> **Exercise details**:
Nothing but the lines from the top of the data to the line holding "Selling a Meridian" should be printed, word for word and both ends included; leave the pictures out.

> **Material provided**:
Content starts

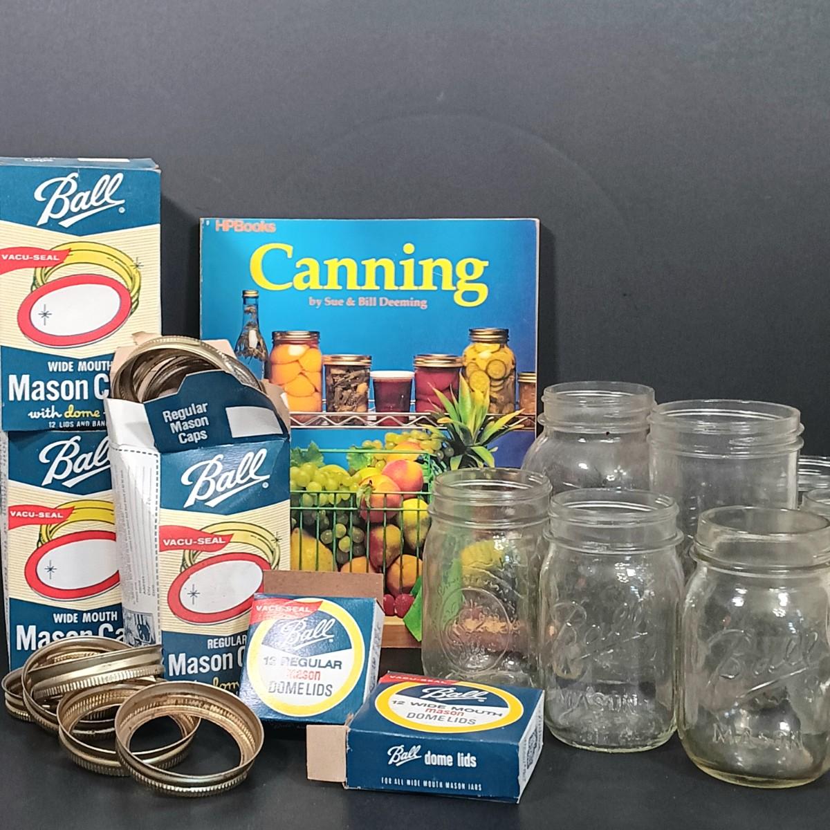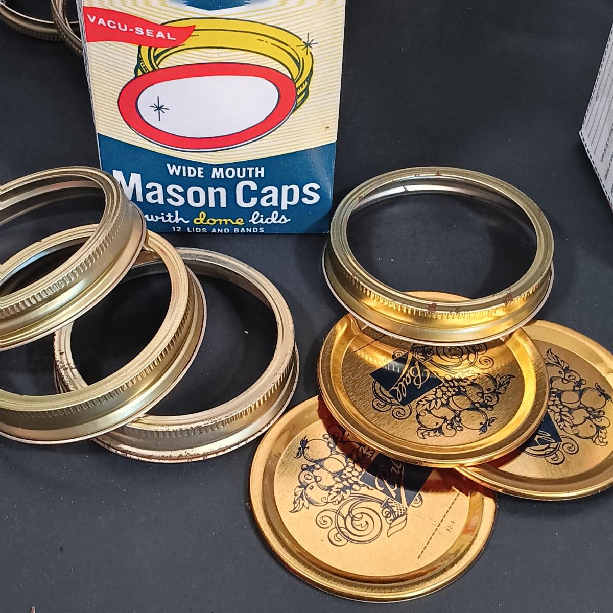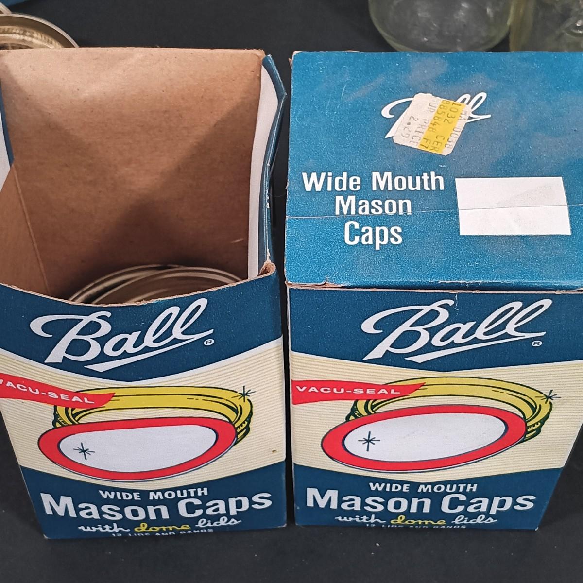 LOT 217D: Collection of Regular & Wide Mouth Mason Jars & Dome Lids, Mason Caps & More
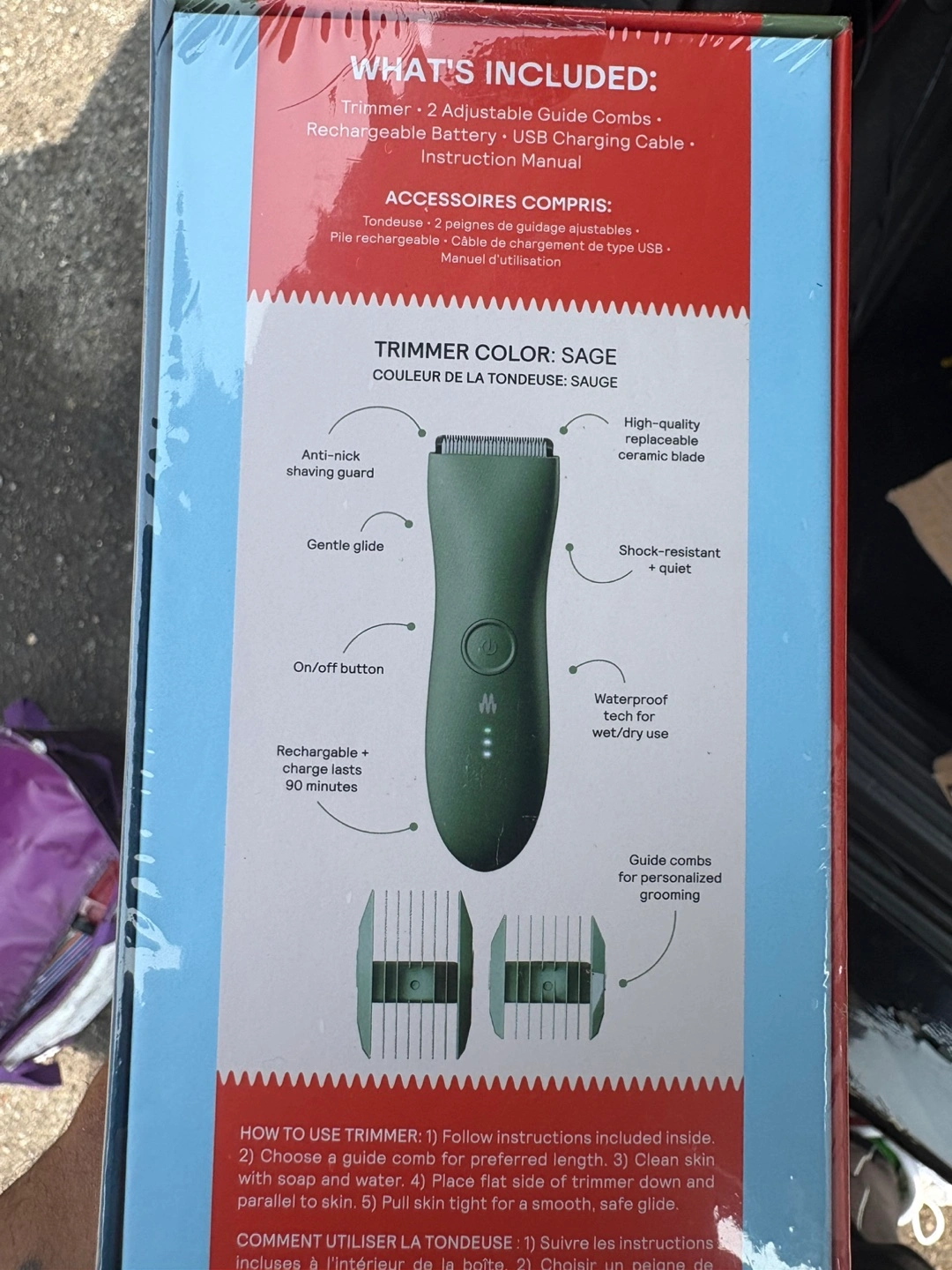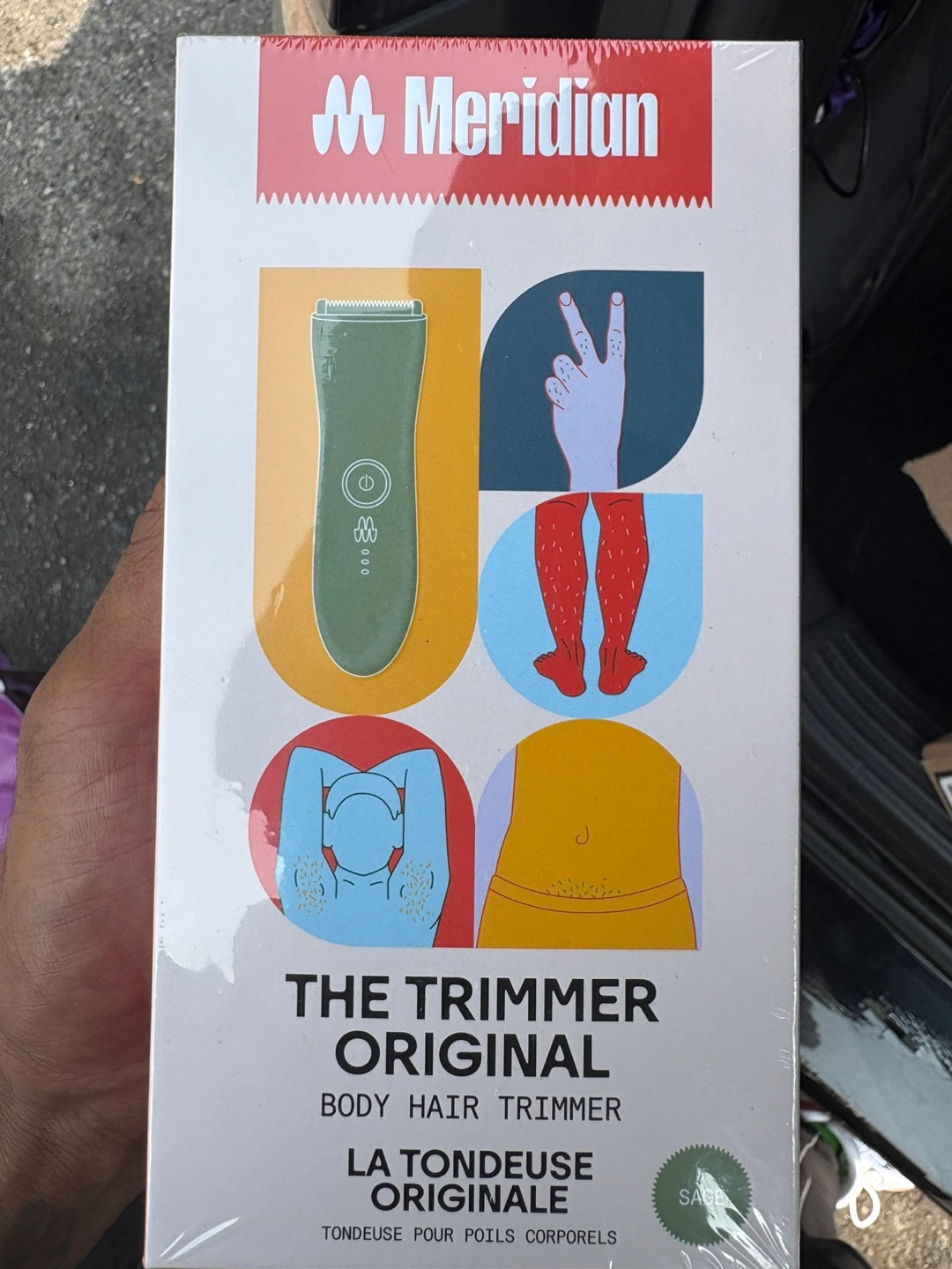 Selling a Meridian The Trimmer Original body hair trimmer in sage color. It's brand new and comes with the box! What's included: - Trimmer - 2 Adjustable Guide Combs - Rechargeable Battery - USB Charging Cable - Instruction Manual It features an anti-nick shaving guard, gentle glide, and a high-quality replaceable ceramic blade. It's also waterproof for wet/dry use and rechargeable, lasting 90 minutes per charge
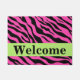 Bem-vindos visitantes à sua casa com este salpúsculo de cor de fúshia rosa forte e um tapete preto de pele de zebra. Este tapete de porta é personalizado com a palavra Bem-vindo que você pode mudar para outra palavra ou nome. Uma faixa de verde limão oferece uma área para personalização e cor adicional. Aproveite este design popular e contemporâneo que irá adicionar uma tendência e um sotaque decorativo colorido em casa. Este design está disponível em várias combinações de cores nesta loja ou pode ser personalizado para você.

Content ends

> **Expected output**:
 LOT 217D: Collection of Regular & Wide Mouth Mason Jars & Dome Lids, Mason Caps & More
 Selling a Meridian The Trimmer Original body hair trimmer in sage color. It's brand new and comes with the box! What's included: - Trimmer - 2 Adjustable Guide Combs - Rechargeable Battery - USB Charging Cable - Instruction Manual It features an anti-nick shaving guard, gentle glide, and a high-quality replaceable ceramic blade. It's also waterproof for wet/dry use and rechargeable, lasting 90 minutes per charge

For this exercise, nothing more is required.